Submitted to: Mycological Society of America
Publication Type: Abstract Only
Publication Acceptance Date: 4/2/2010
Publication Date: 6/25/2010
Citation: Olarte, R.A., Horn, B.W., Monacell, T., Stone, E., Carbone, I. 2010. Direct genetic evidence to support the presence of sexual recombination within the life cycle of Aspergillus flavus. Mycological Society of America.
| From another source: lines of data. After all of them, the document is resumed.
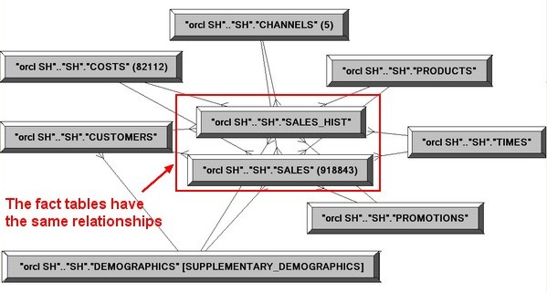 - for the Cost table : COSTS.PROD_ID = SALES_HIST.PROD_ID AND COSTS.TIME_ID = SALES_HIST.TIME_ID AND COSTS.PROMO_ID = SALES_HIST.PROMO_ID AND COSTS.CHANNEL_ID = SALES_HIST.CHANNEL_ID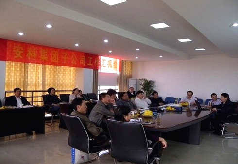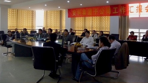 2010年10月20日,安科集团子公司工作汇报会在安科月博药业三楼会议室召开。集团公司董事长兼总经理宋礼华先生、副总经理姚建平先生、财务总监何云南先生及各子公司高管层出席了本次会议。会议主要听取各子公司2010年前三季度的工作总结以及第四季度任务指标完成计划。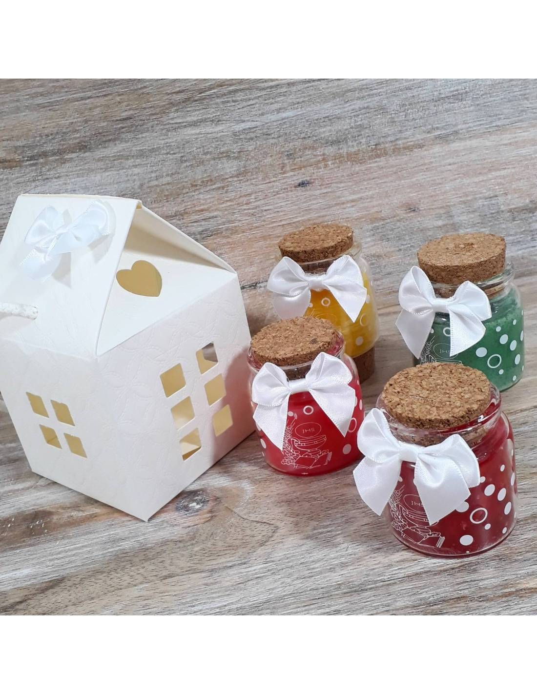 La bomboniera è una candela in vetro con cera Yankee Candle compresa di tappo in sughero decorato con un fiocchetto e la stampa in bianco che rappresenta il simbolo Sacro della Comunione + scatola casetta.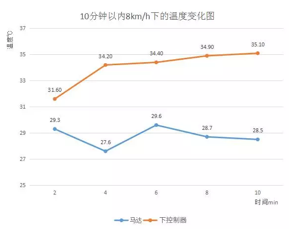 最后我们来看温度, 温度的变化可以直接看出马达质量的好坏,马达和下控制器的温度变化会影响马达的工作寿命。于是,小编就让同事(60kg)以8km/h的速度,持续跑了10分钟,测试马达和下控制器的温度变化,具体情况请看下图: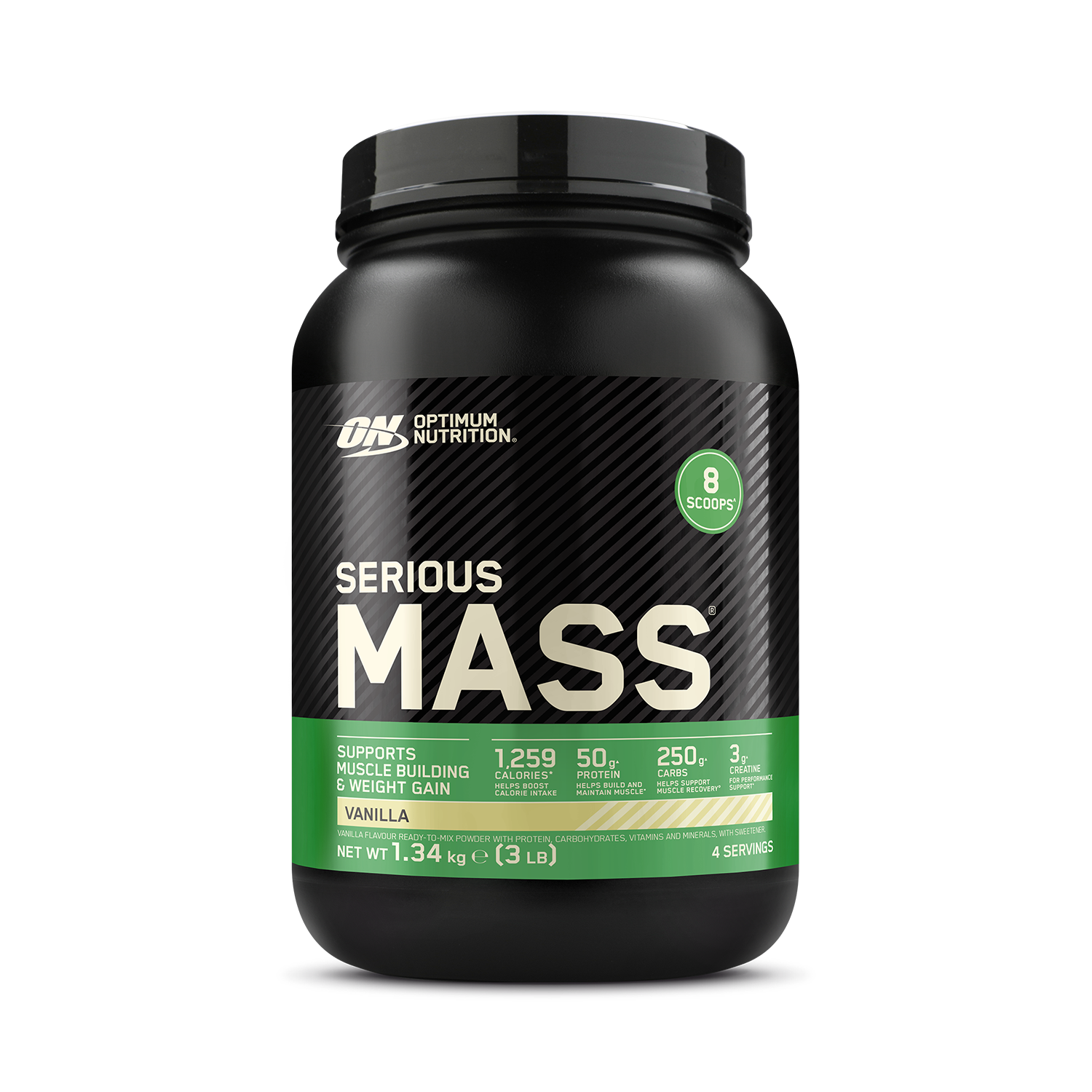 Serious weight gain requires serious calories. Optimum Nutrition Serious Mass is the ultimate weight gain formula. For muscle building and weight gain More than 1260 kcal per serving to help boost your calorie intake 50g protein per serving 25 vitamins & supplements Those who need the extra calories most often have the toughest time consuming enough of them. For many aspiring to be bigger, Serious Mass is the ultimate in weight gain formulas. With over 1,250 calories per serving to boost daily calorie intake, 50g high protein to support muscle growth and repair, over 250g carbohydrates, and now with 3g of added creatine per serving to support performance, you’ve got nothing to lose and lots to gain. It is time to stop thinking small and get serious – SERIOUS MASS. Use anytime, it is quick, convenient and easy to prepare. Serious Mass is ideal between meals, after weight training as part of your recovery routine and before bed. Just mix two scoops of Serious Mass (334g) with 710ml of water to create a tasty, calorie-packed shake.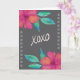 Share love in a bold, modern way with this romantic Valentine’s Day card featuring vibrant pink watercolor flowers, teal leaves, and a dark charcoal background with a playful “XOXO” sentiment on the front. This design was created by hand (no artificial intelligence was used) and is perfect for expressing love to a partner, spouse, or significant other.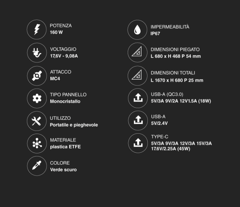 - Meccanica a Fisarmonica: Le 4 sezioni ripiegabili permettono un orientamento millimetrico verso il sole e una chiusura a valigetta salva-spazio per il trasporto.

Interpretive Summary: none required.

Technical Abstract: Aspergillus flavus contaminates many important crops worldwide and is the major producer of aflatoxins, which are cancer-causing secondary metabolites. In the United States, mycotoxins have been estimated to cause agricultural losses totaling upwards of $1.4 billion annually, with aflatoxin contamination in peanut export worldwide potentially accounting for as much as $450 million. We recently described Petromyces flavus, the sexual state of A. flavus, from crosses between strains of the opposite mating type. Sexually compatible strains when crossed with one another varied greatly in their degree of fertility. We demonstrated that sexual reproduction in A. flavus is heterothallic and occurs between individuals belonging to different vegetative compatibility groups, which suggests that the vegetative compatibility system is not a barrier to gene flow. In the present study, we genetically examined the F1 offspring from several successful crosses. Linked loci within the aflatoxin gene cluster on chromosome 3 and unlinked loci on different chromosomes were analyzed to quantify gene flow. We present the first direct genetic evidence to support the occurrence of sexual recombination between compatible strains of A. flavus through the meiotic processes of independent assortment and crossing-over, both of which are likely to contribute to the maintenance and regeneration of the aflatoxigenic phenotype. Crossing-over can repair deleterious mutations in the aflatoxin cluster in recombinant offspring; alternatively, independent assortment of chromosome 3 can potentially restore aflatoxigenicity. Our experimental results are consistent with recent indirect inferences of recombination in nature. The locations of the crossover breakpoints within the aflatoxin cluster of the recombinant F1 progeny from our mating studies corroborate with those deduced from the genetic analysis of natural populations. Implications of recombination on mycotoxin heritability are currently under investigation.